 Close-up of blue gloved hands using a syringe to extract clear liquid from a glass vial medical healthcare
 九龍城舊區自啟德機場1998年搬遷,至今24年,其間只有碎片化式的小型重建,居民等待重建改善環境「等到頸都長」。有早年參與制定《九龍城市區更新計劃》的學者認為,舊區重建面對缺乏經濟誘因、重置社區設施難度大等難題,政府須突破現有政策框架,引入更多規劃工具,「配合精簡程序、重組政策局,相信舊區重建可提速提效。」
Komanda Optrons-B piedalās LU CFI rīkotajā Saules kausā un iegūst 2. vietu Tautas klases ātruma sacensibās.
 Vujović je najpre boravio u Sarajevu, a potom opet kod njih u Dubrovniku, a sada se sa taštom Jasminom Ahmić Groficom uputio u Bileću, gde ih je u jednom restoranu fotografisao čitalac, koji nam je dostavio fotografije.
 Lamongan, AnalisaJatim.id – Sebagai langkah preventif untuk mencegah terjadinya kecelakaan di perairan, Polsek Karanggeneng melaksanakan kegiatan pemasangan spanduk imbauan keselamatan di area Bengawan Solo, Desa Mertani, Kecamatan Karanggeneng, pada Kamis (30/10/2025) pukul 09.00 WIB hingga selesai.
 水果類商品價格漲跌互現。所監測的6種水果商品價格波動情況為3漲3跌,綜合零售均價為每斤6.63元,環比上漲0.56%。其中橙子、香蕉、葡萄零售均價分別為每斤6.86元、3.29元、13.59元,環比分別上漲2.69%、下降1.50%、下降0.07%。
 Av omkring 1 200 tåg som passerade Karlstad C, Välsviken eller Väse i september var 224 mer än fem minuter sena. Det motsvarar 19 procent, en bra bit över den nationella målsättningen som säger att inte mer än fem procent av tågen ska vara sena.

--

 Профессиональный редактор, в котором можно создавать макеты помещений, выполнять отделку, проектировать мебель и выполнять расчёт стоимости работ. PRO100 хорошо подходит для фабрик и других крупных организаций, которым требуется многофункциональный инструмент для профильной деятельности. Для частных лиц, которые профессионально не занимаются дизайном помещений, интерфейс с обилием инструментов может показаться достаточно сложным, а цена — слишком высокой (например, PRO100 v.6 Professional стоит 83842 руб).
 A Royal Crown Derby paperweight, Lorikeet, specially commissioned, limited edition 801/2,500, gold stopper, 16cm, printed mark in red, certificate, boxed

▶ _What is needed_: Above are the records. Print exactly, and only, the lines from the line with "Vujović je najpre" to the line with "Av omkring 1", both inclusive.

▶ _Answer space_:
 Vujović je najpre boravio u Sarajevu, a potom opet kod njih u Dubrovniku, a sada se sa taštom Jasminom Ahmić Groficom uputio u Bileću, gde ih je u jednom restoranu fotografisao čitalac, koji nam je dostavio fotografije.
 Lamongan, AnalisaJatim.id – Sebagai langkah preventif untuk mencegah terjadinya kecelakaan di perairan, Polsek Karanggeneng melaksanakan kegiatan pemasangan spanduk imbauan keselamatan di area Bengawan Solo, Desa Mertani, Kecamatan Karanggeneng, pada Kamis (30/10/2025) pukul 09.00 WIB hingga selesai.
 水果類商品價格漲跌互現。所監測的6種水果商品價格波動情況為3漲3跌,綜合零售均價為每斤6.63元,環比上漲0.56%。其中橙子、香蕉、葡萄零售均價分別為每斤6.86元、3.29元、13.59元,環比分別上漲2.69%、下降1.50%、下降0.07%。
 Av omkring 1 200 tåg som passerade Karlstad C, Välsviken eller Väse i september var 224 mer än fem minuter sena. Det motsvarar 19 procent, en bra bit över den nationella målsättningen som säger att inte mer än fem procent av tågen ska vara sena.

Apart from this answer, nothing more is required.